■ Prompt: Please output the line containing "キムジョーンズ 限定 ロゴ" and all lines that follow it in the data below, exactly, with no pictures.

■ Source material:

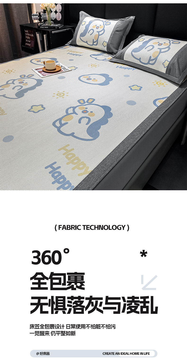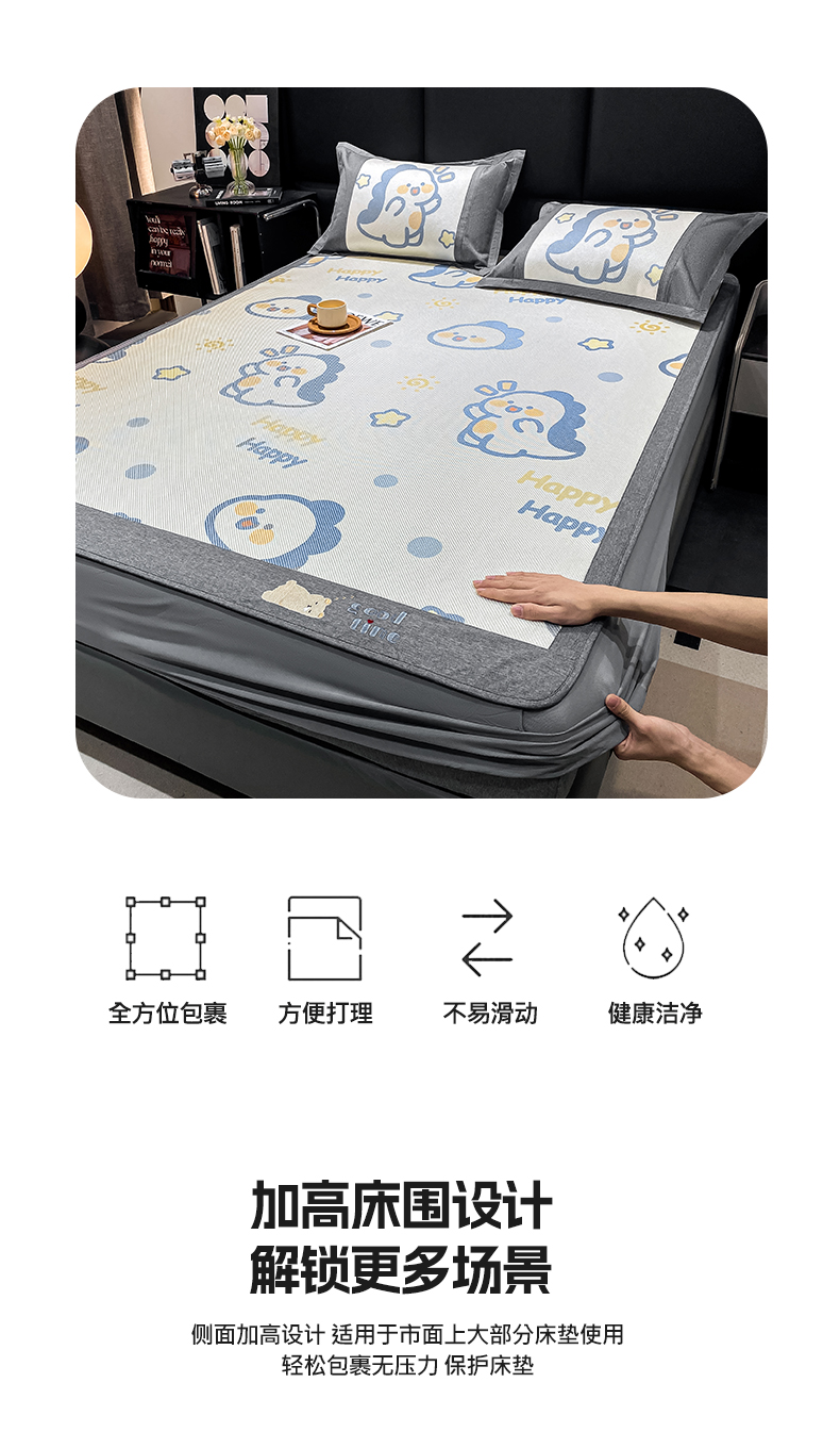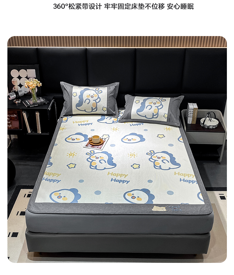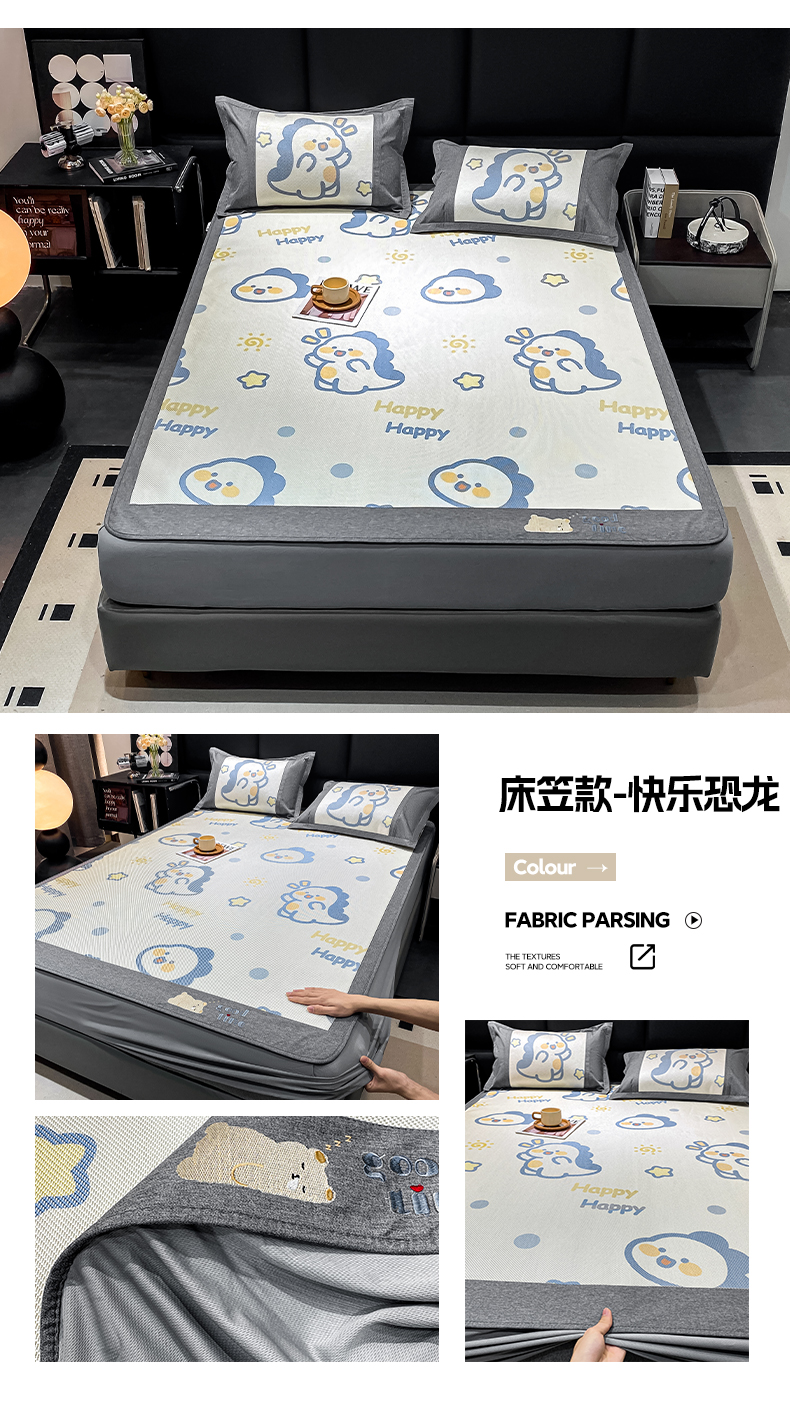 商品名称:宜家坊 2024新款A类抗菌数码印花冰藤凉席 床笠款-快乐恐龙
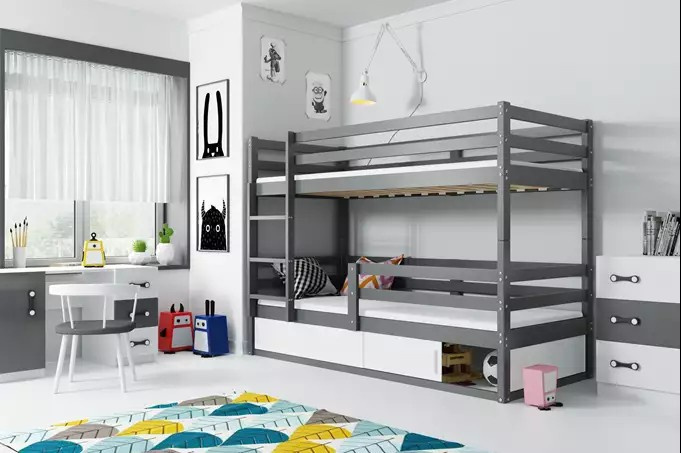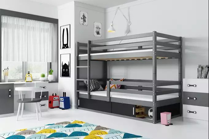 Łóżko młodzieżowe, piętrowe Bingo, z grafitową ramą, z materacami 80 x 190
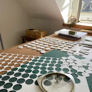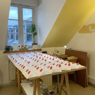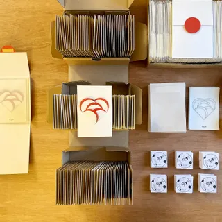 J'ai rencontré Hélène et Yvon sur un marché de créateur.ice.s (label Fabriqué à Paris) devant la Mairie du 4e en avril 2025. Pour leurs cadeaux d'affaires de fin d'année, c'est un peu une gentille compétition de qui de leur réseau trouvera l'attention la plus originale, celle qui surprendra tout le monde et fera un peu mouche. J'ai été ravie de co-concevoir avec eux ces 120 cartes coeurs où l'on a personnalisé les couleurs selon leurs envies pour faire écho à la période de Noël, imprimé le logo de leur entreprise sur un rond mobile au dos -où ils écriront leurs voeux à la main- et enfin créé une enveloppe-étui sur mesure pour mettre en valeur la carte et la protéger lors de l'envoi postal. Le résultat, 120 cartes aux airs de friandises de Noël. Miam !
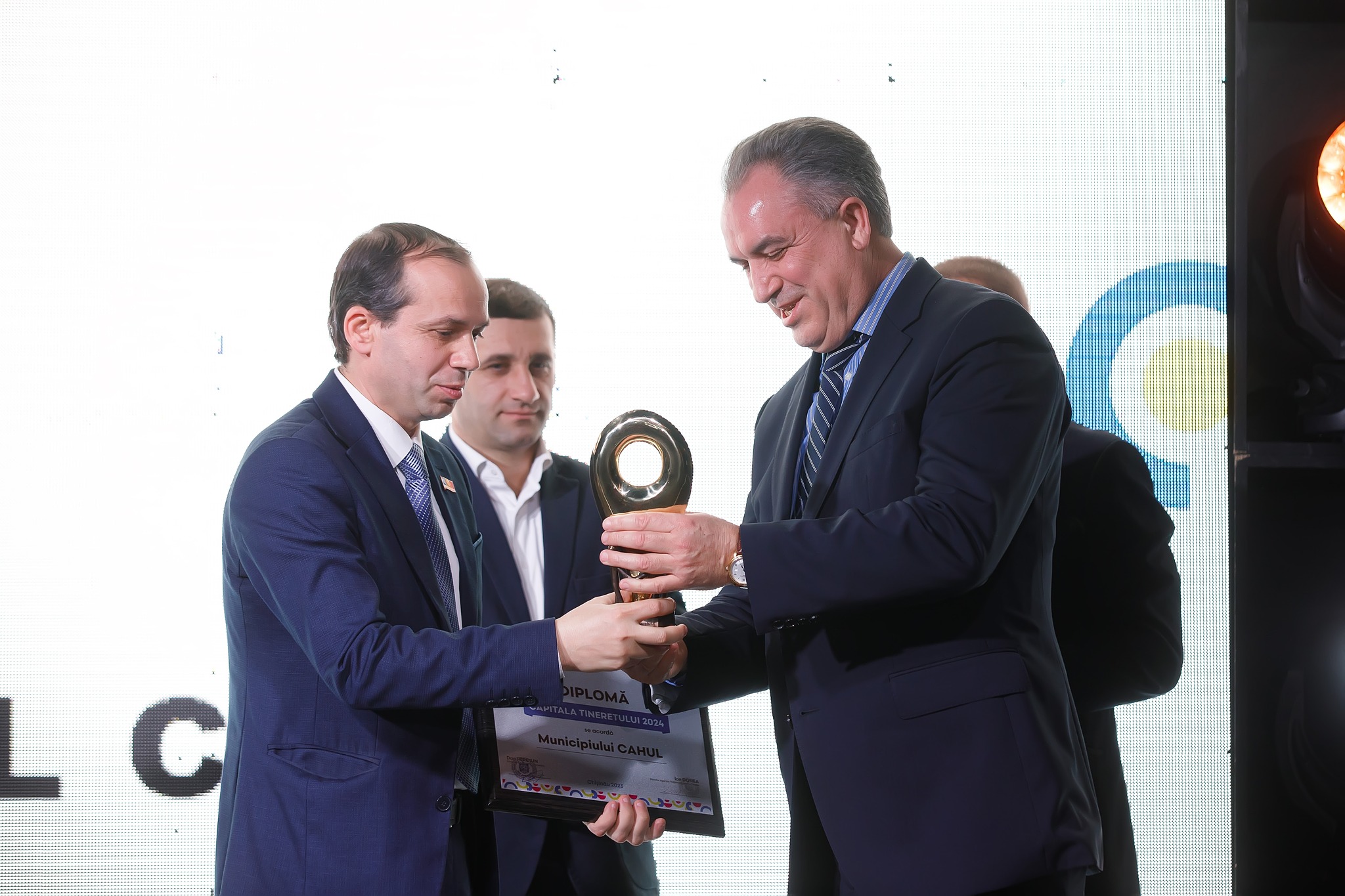 La finalul Galei Tineretului, a fost anunțat câștigătorul programului ,,Capitala Tineretului 2024” – municipiul Cahul. Astfel, în cadrul acestui eveniment, Vitalie Vrabie, primarul municipiului Ungheni a transmis mai departe trofeul ”Capitalei Tineretului”
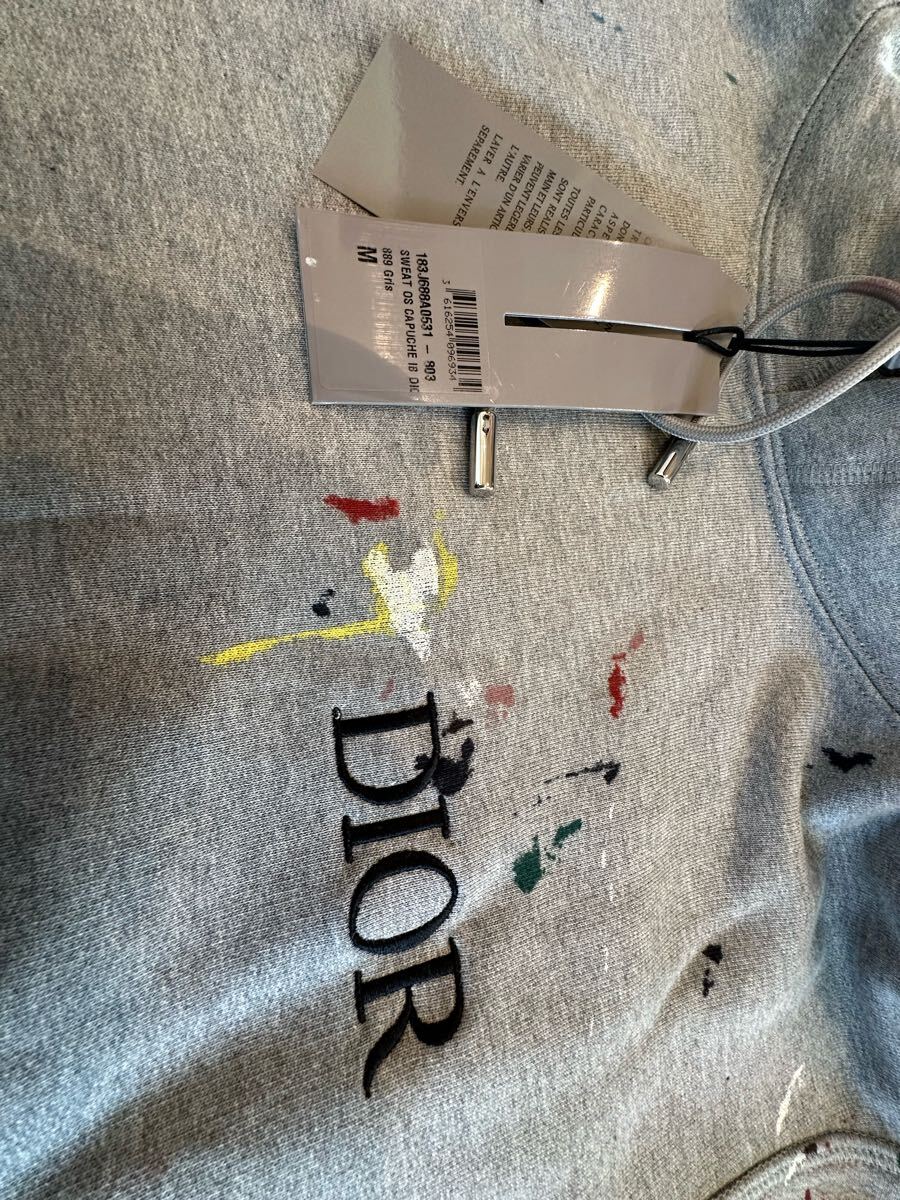 > #245 DIOR プルオーバー 未使用品 フーディ パーカー 灰 ペイント加工 キムジョーンズ 限定 ロゴ
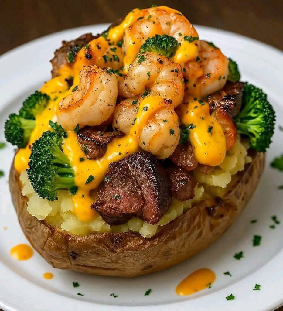 Ingredients 2 large russet potatoes 1/2 lb steak, cut into bite-sized cubes 8 large shrimp, peeled and deveined 1 cup broccoli florets, steamed 1 cup shredded cheddar cheese 1/4 cup heavy cream 1 tbsp butter 1 tbsp olive oil Salt & black pepper, to taste Fresh parsley, chopped (for garnish) Instructions Bake the Potatoes: Preheat … Read more
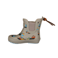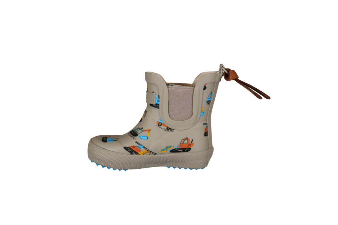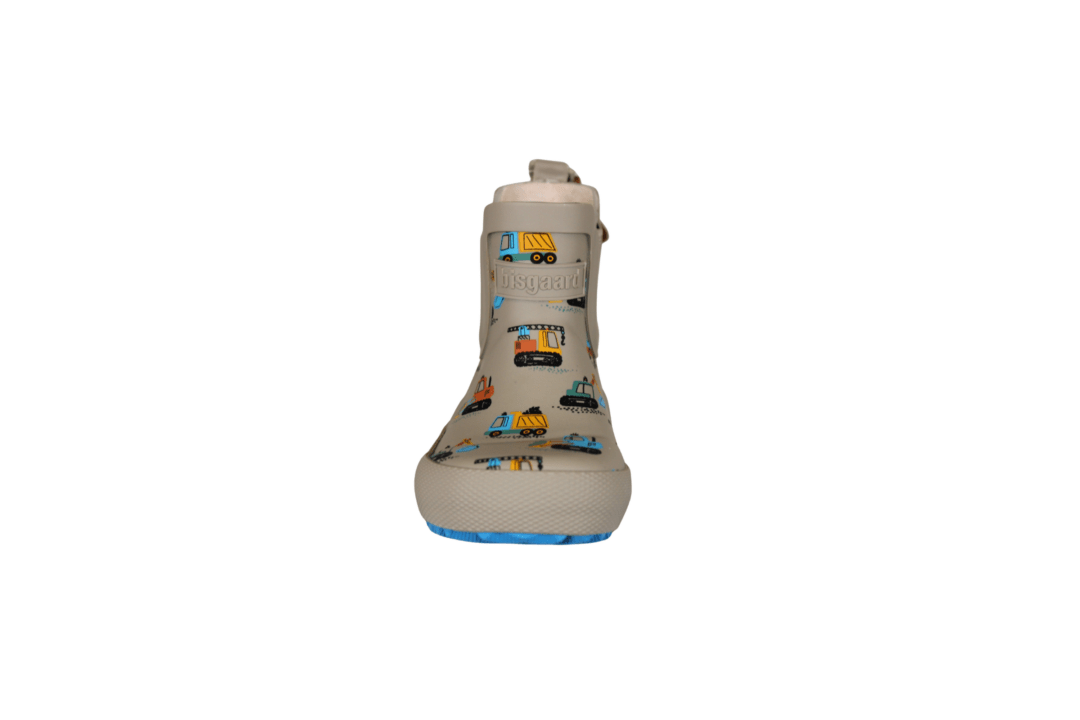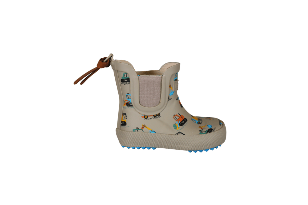 BISGAARD BABY RUBBER 92010 5050 BUILDER (841-0321). Kort skaftet gummistøvle til de små fødder. Støvlen er lavet i natur gummi. Støvlen er i lys brun med maskiner og gravmaskiner rundt på støvlen. Ydersålen er den normalle gode pasform BISGAARD har. I hælen sidder en tekstil rem.
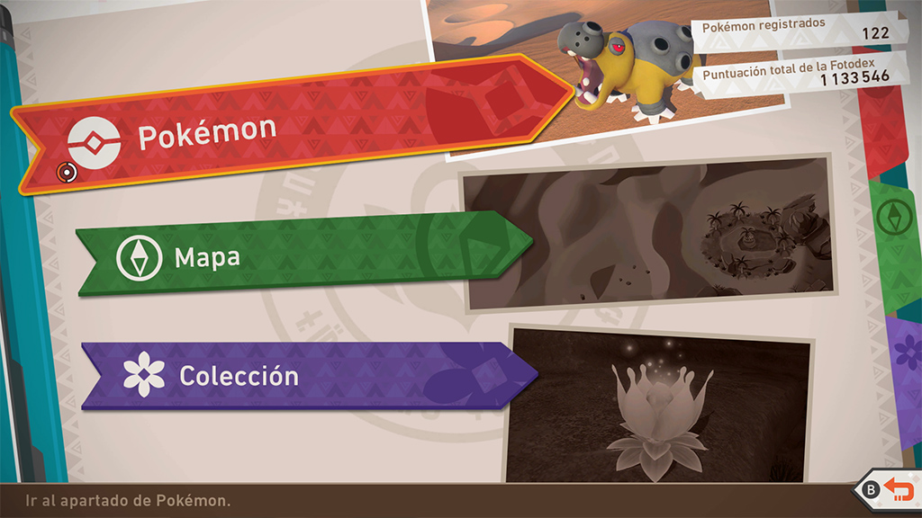 - Pokémon: La sección principal de la Fotodex almacena la Lista de Pokémon que hayas ido descubriendo en tu aventura.

■ Answer section:
 > #245 DIOR プルオーバー 未使用品 フーディ パーカー 灰 ペイント加工 キムジョーンズ 限定 ロゴ
 Ingredients 2 large russet potatoes 1/2 lb steak, cut into bite-sized cubes 8 large shrimp, peeled and deveined 1 cup broccoli florets, steamed 1 cup shredded cheddar cheese 1/4 cup heavy cream 1 tbsp butter 1 tbsp olive oil Salt & black pepper, to taste Fresh parsley, chopped (for garnish) Instructions Bake the Potatoes: Preheat … Read more
 BISGAARD BABY RUBBER 92010 5050 BUILDER (841-0321). Kort skaftet gummistøvle til de små fødder. Støvlen er lavet i natur gummi. Støvlen er i lys brun med maskiner og gravmaskiner rundt på støvlen. Ydersålen er den normalle gode pasform BISGAARD har. I hælen sidder en tekstil rem.
 - Pokémon: La sección principal de la Fotodex almacena la Lista de Pokémon que hayas ido descubriendo en tu aventura.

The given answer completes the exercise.